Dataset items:

::::::::::

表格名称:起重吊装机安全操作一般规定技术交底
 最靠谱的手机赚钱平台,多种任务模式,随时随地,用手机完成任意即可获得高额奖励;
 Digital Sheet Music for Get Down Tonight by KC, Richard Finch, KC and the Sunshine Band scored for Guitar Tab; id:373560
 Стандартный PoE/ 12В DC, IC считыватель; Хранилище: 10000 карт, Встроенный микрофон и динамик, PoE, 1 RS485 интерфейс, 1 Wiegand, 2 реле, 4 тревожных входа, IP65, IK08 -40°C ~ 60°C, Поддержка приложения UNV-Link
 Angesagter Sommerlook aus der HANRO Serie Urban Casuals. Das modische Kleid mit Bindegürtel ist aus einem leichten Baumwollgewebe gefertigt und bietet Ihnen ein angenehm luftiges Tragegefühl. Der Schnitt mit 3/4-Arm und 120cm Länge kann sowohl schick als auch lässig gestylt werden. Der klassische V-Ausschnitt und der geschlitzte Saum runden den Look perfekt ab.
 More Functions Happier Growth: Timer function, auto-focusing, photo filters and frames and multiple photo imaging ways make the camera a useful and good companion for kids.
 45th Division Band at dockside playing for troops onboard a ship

::::::::::

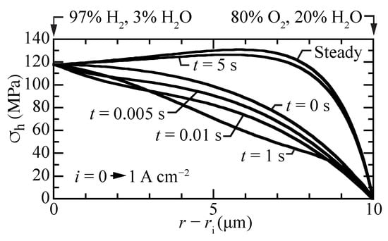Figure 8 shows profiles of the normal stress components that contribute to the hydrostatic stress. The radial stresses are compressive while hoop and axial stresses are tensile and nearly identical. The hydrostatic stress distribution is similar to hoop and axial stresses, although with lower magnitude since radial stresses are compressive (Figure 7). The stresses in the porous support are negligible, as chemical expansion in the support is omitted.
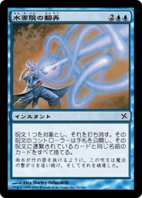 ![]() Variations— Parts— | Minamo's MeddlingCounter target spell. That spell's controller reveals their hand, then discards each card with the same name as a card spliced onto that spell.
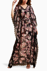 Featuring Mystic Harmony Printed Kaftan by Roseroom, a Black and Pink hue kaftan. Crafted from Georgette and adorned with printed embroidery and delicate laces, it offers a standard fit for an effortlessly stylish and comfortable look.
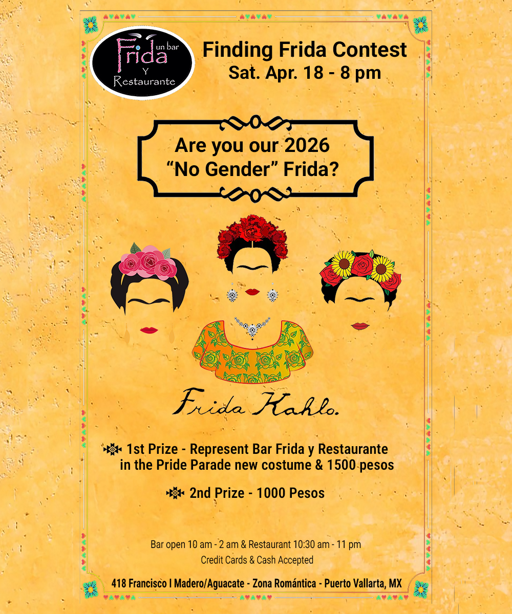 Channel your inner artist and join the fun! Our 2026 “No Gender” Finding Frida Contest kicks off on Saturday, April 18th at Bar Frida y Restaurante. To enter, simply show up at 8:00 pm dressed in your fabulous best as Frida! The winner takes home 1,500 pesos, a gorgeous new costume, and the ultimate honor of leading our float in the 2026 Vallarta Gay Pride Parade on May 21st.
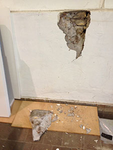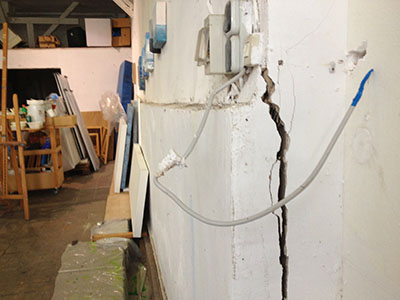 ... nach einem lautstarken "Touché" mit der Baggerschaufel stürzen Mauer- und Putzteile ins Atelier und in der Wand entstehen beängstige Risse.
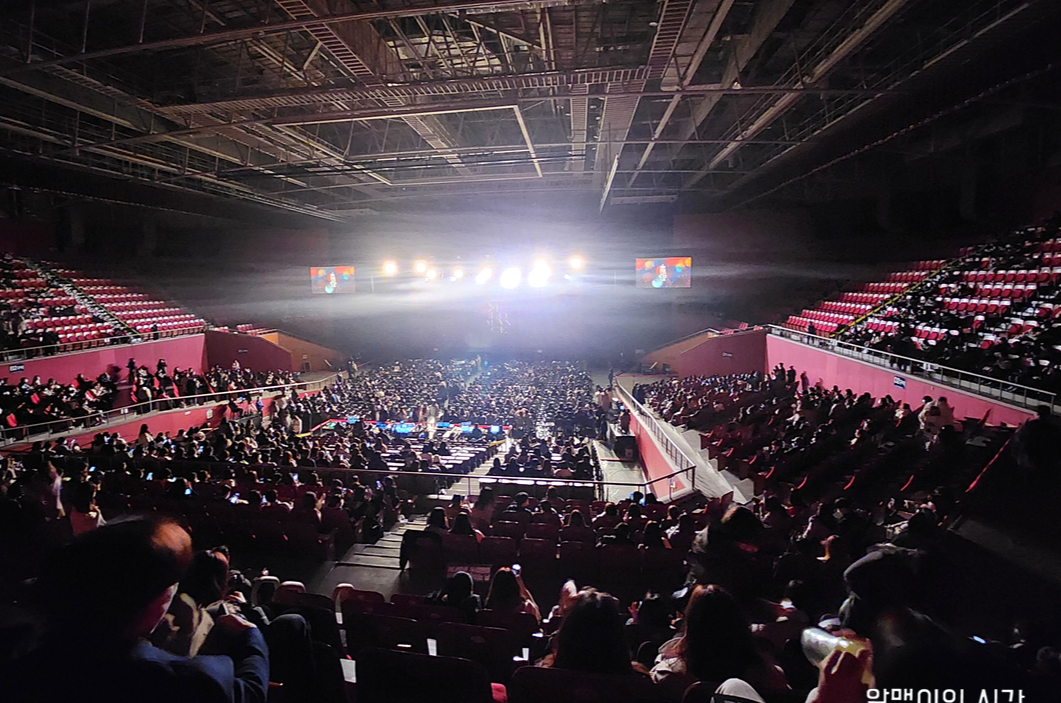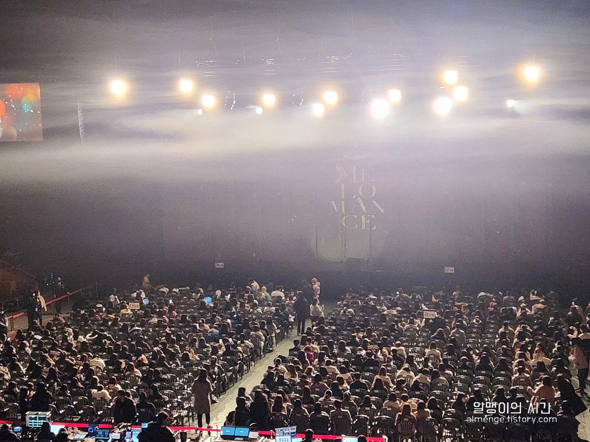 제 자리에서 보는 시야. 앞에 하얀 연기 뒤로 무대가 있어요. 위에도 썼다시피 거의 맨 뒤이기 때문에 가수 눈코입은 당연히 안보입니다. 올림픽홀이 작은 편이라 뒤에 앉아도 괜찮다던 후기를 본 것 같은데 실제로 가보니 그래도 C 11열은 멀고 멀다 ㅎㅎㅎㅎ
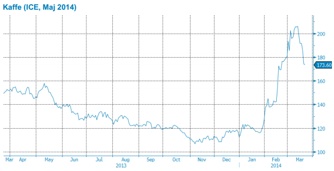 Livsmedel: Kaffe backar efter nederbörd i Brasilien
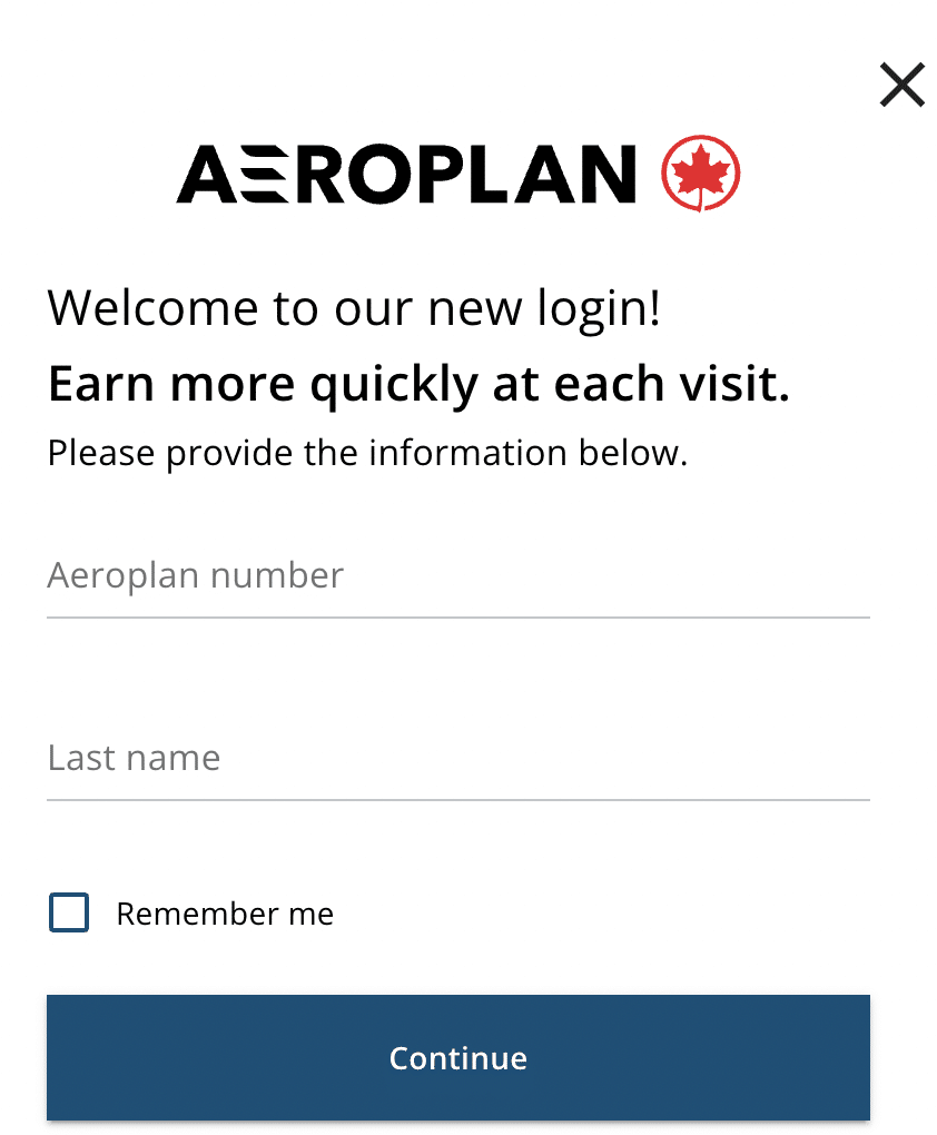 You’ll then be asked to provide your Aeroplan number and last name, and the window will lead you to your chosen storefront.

::::::::::

TASK ITEM: Retype only the lines above between the line with "Digital Sheet Music" and the line with "Стандартный PoE/ 12В", counting those two lines as well, and keep every character as it is.

EXERCISE RESPONSE:
 Digital Sheet Music for Get Down Tonight by KC, Richard Finch, KC and the Sunshine Band scored for Guitar Tab; id:373560
 Стандартный PoE/ 12В DC, IC считыватель; Хранилище: 10000 карт, Встроенный микрофон и динамик, PoE, 1 RS485 интерфейс, 1 Wiegand, 2 реле, 4 тревожных входа, IP65, IK08 -40°C ~ 60°C, Поддержка приложения UNV-Link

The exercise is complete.